The records:
★ ★ ★ ★
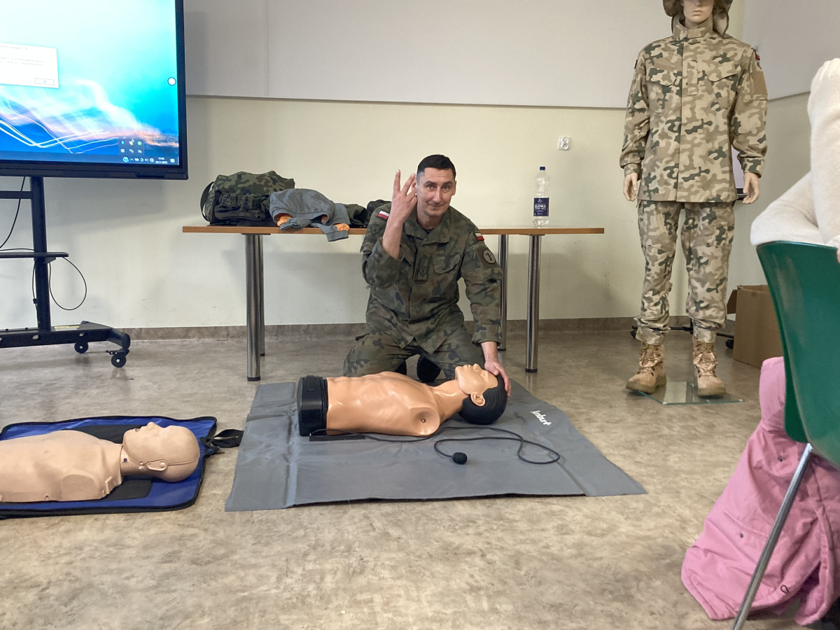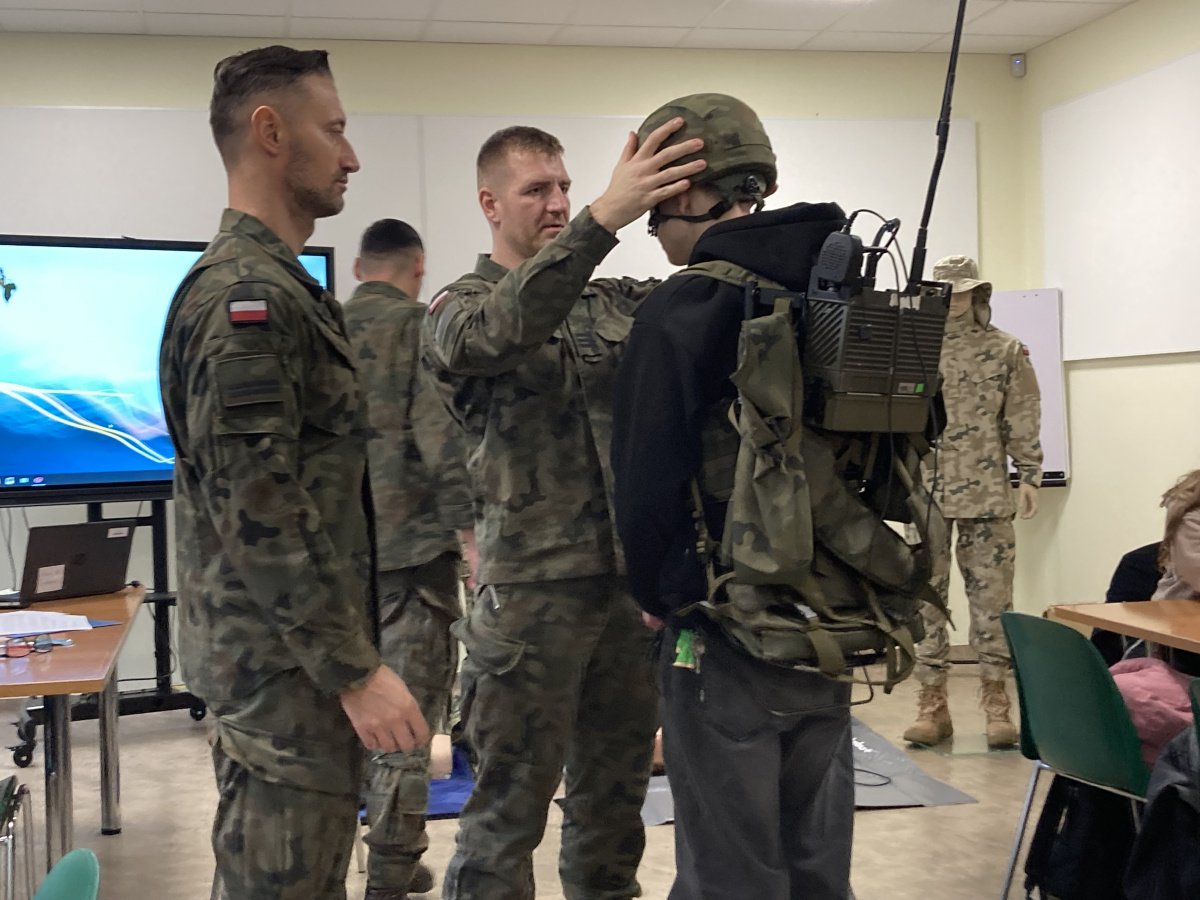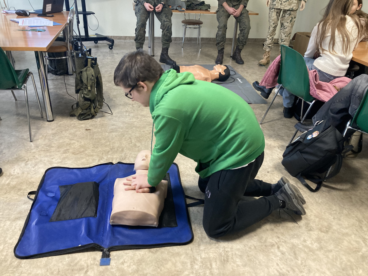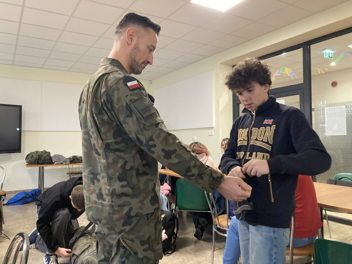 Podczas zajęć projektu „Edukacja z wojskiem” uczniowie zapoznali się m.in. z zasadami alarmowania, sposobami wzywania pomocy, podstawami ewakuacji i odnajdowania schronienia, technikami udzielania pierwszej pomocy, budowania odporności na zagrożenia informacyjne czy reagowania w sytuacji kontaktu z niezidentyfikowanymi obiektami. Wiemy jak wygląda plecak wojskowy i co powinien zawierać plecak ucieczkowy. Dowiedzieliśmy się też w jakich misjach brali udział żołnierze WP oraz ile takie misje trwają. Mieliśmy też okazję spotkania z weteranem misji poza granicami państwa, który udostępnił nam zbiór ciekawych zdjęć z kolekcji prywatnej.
★ ★ ★ ★
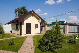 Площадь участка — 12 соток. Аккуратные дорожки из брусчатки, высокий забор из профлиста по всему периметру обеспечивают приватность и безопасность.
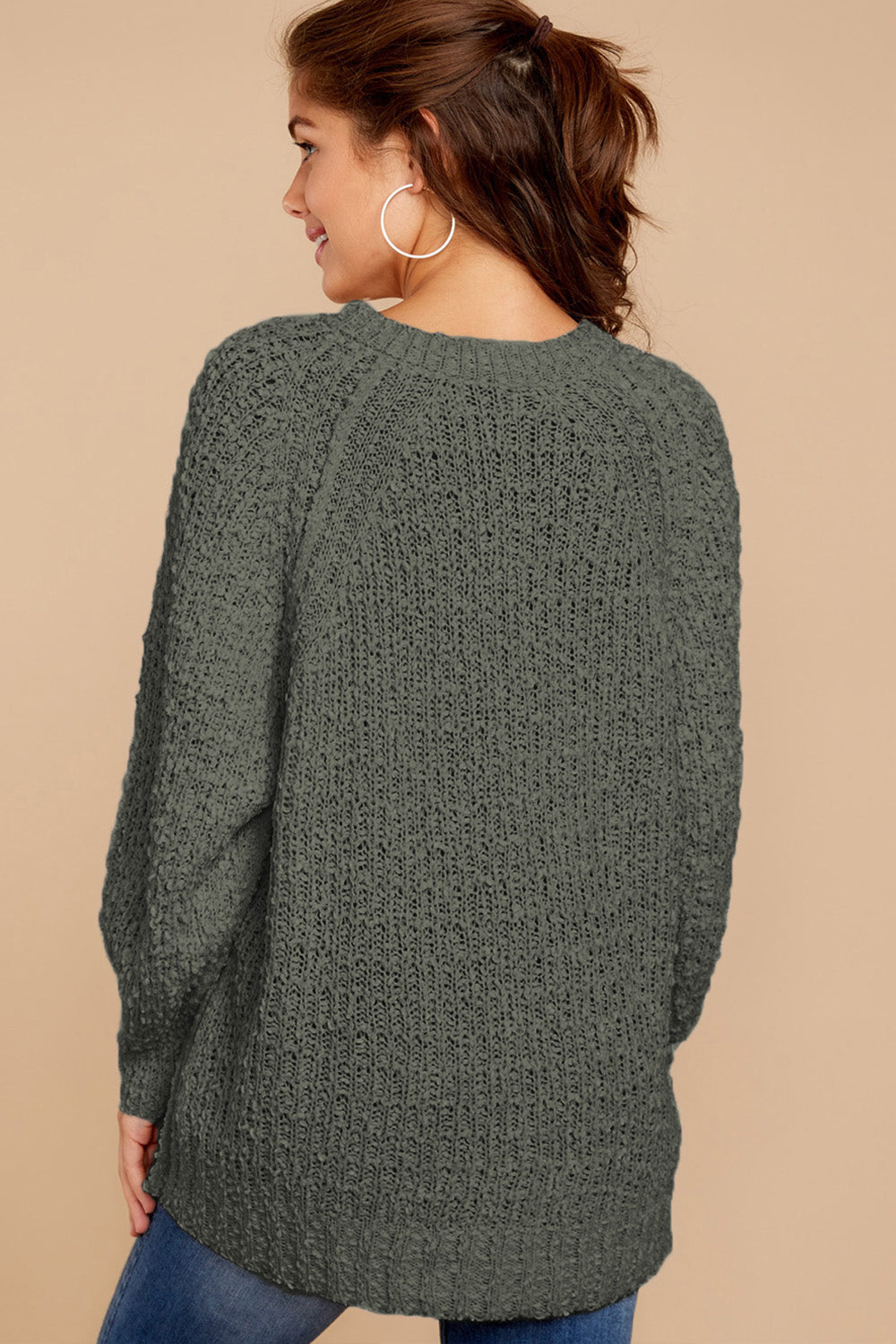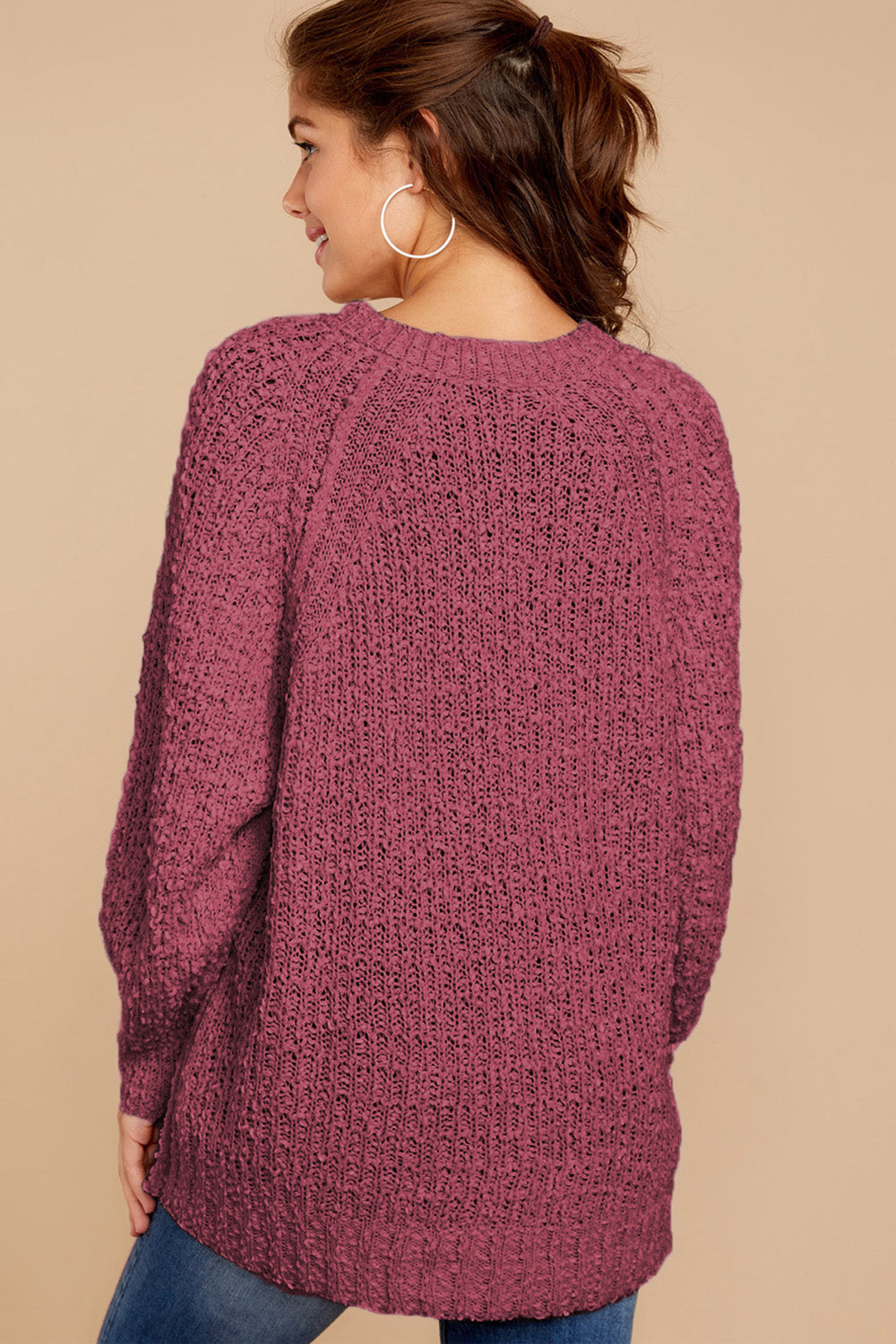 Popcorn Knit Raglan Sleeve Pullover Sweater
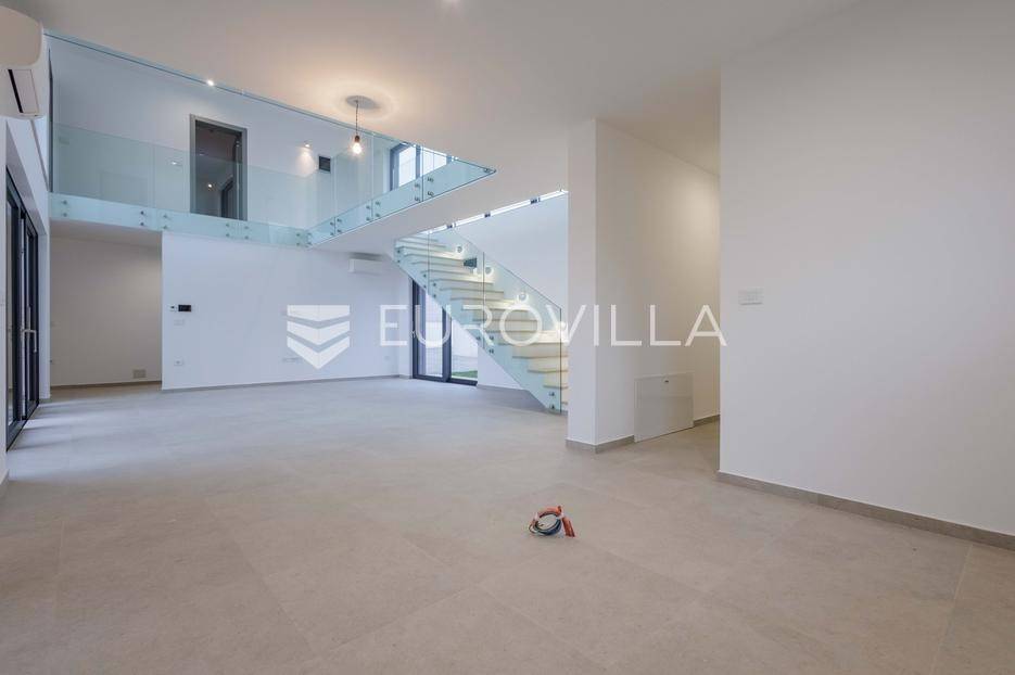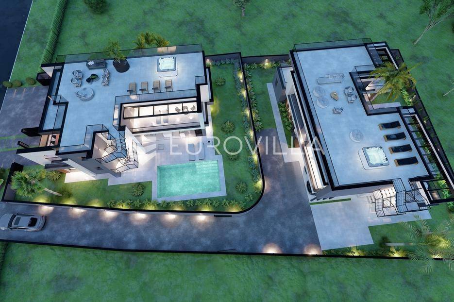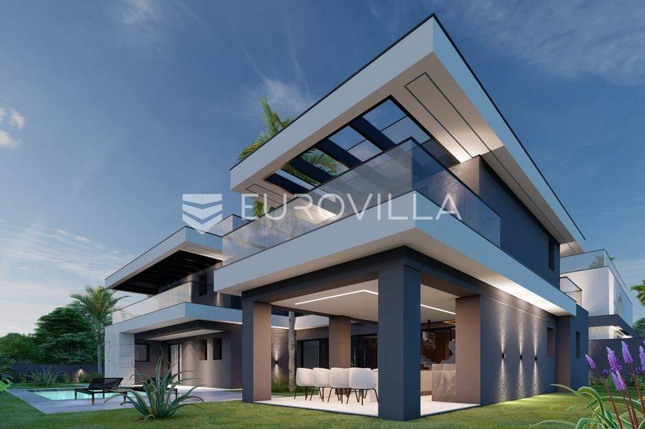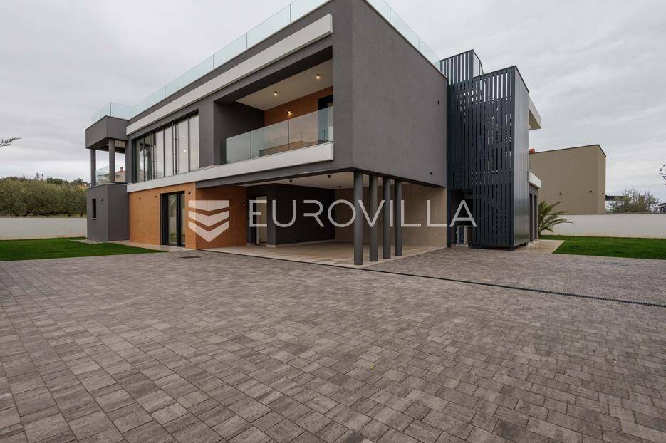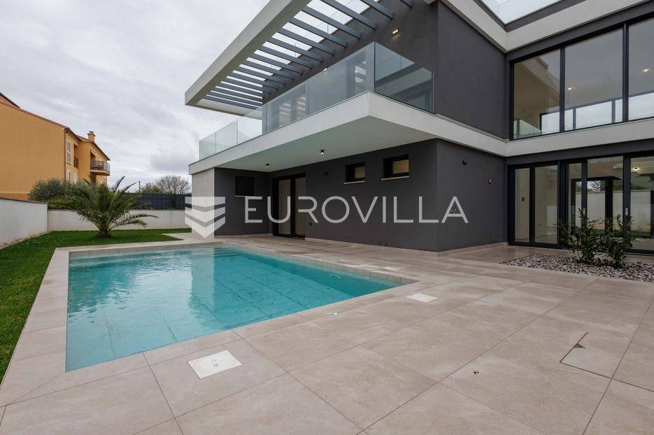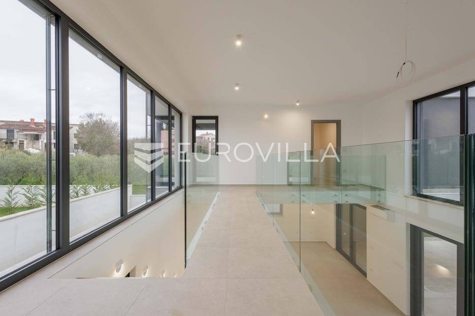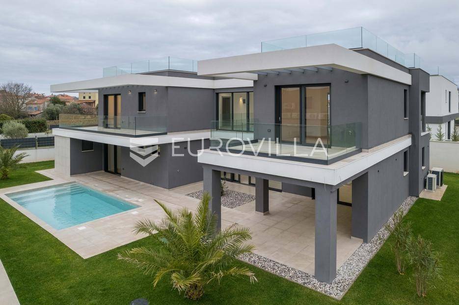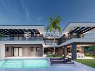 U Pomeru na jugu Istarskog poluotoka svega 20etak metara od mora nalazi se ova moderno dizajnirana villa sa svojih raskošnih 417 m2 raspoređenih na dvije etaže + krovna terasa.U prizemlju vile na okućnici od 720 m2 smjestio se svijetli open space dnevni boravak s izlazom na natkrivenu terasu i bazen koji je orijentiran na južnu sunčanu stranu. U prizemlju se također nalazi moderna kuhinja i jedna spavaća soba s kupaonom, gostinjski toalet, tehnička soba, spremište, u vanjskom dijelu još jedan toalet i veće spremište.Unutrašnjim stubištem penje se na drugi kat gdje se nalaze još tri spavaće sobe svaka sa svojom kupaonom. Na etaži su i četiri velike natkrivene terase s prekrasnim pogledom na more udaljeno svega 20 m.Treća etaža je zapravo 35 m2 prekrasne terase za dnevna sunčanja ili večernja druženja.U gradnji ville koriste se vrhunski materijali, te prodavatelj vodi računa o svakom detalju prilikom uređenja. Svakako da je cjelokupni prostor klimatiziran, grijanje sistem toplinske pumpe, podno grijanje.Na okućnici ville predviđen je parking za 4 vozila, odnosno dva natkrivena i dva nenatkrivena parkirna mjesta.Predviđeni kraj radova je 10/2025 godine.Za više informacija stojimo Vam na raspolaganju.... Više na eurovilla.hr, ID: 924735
★ ★ ★ ★
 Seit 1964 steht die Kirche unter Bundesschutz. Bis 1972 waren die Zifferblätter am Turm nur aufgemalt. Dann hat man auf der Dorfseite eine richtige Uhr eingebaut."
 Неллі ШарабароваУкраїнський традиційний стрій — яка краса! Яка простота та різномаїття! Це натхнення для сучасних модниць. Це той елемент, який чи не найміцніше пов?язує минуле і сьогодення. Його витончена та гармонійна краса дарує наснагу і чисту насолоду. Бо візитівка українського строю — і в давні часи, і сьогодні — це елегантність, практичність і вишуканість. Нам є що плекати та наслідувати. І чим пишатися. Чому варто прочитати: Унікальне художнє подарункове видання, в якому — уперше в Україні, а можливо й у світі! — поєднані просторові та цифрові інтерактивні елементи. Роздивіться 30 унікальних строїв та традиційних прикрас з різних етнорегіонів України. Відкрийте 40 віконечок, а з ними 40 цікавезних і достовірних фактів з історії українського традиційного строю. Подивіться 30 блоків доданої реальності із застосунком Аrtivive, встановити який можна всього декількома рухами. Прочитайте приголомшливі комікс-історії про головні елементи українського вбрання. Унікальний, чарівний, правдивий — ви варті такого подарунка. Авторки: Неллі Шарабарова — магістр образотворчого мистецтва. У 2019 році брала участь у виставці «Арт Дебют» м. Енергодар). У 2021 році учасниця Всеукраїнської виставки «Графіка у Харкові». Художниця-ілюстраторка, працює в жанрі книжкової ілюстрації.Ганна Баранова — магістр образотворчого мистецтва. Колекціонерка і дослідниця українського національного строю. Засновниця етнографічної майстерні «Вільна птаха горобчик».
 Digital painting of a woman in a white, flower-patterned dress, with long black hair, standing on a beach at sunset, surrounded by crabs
★ ★ ★ ★
Aim of the exercise: Output the lines above exactly, but only those between the line holding "Неллі ШарабароваУкраїнський традиційний" and the line holding "Digital painting of", inclusive.

Answer box:
 Неллі ШарабароваУкраїнський традиційний стрій — яка краса! Яка простота та різномаїття! Це натхнення для сучасних модниць. Це той елемент, який чи не найміцніше пов?язує минуле і сьогодення. Його витончена та гармонійна краса дарує наснагу і чисту насолоду. Бо візитівка українського строю — і в давні часи, і сьогодні — це елегантність, практичність і вишуканість. Нам є що плекати та наслідувати. І чим пишатися. Чому варто прочитати: Унікальне художнє подарункове видання, в якому — уперше в Україні, а можливо й у світі! — поєднані просторові та цифрові інтерактивні елементи. Роздивіться 30 унікальних строїв та традиційних прикрас з різних етнорегіонів України. Відкрийте 40 віконечок, а з ними 40 цікавезних і достовірних фактів з історії українського традиційного строю. Подивіться 30 блоків доданої реальності із застосунком Аrtivive, встановити який можна всього декількома рухами. Прочитайте приголомшливі комікс-історії про головні елементи українського вбрання. Унікальний, чарівний, правдивий — ви варті такого подарунка. Авторки: Неллі Шарабарова — магістр образотворчого мистецтва. У 2019 році брала участь у виставці «Арт Дебют» м. Енергодар). У 2021 році учасниця Всеукраїнської виставки «Графіка у Харкові». Художниця-ілюстраторка, працює в жанрі книжкової ілюстрації.Ганна Баранова — магістр образотворчого мистецтва. Колекціонерка і дослідниця українського національного строю. Засновниця етнографічної майстерні «Вільна птаха горобчик».
 Digital painting of a woman in a white, flower-patterned dress, with long black hair, standing on a beach at sunset, surrounded by crabs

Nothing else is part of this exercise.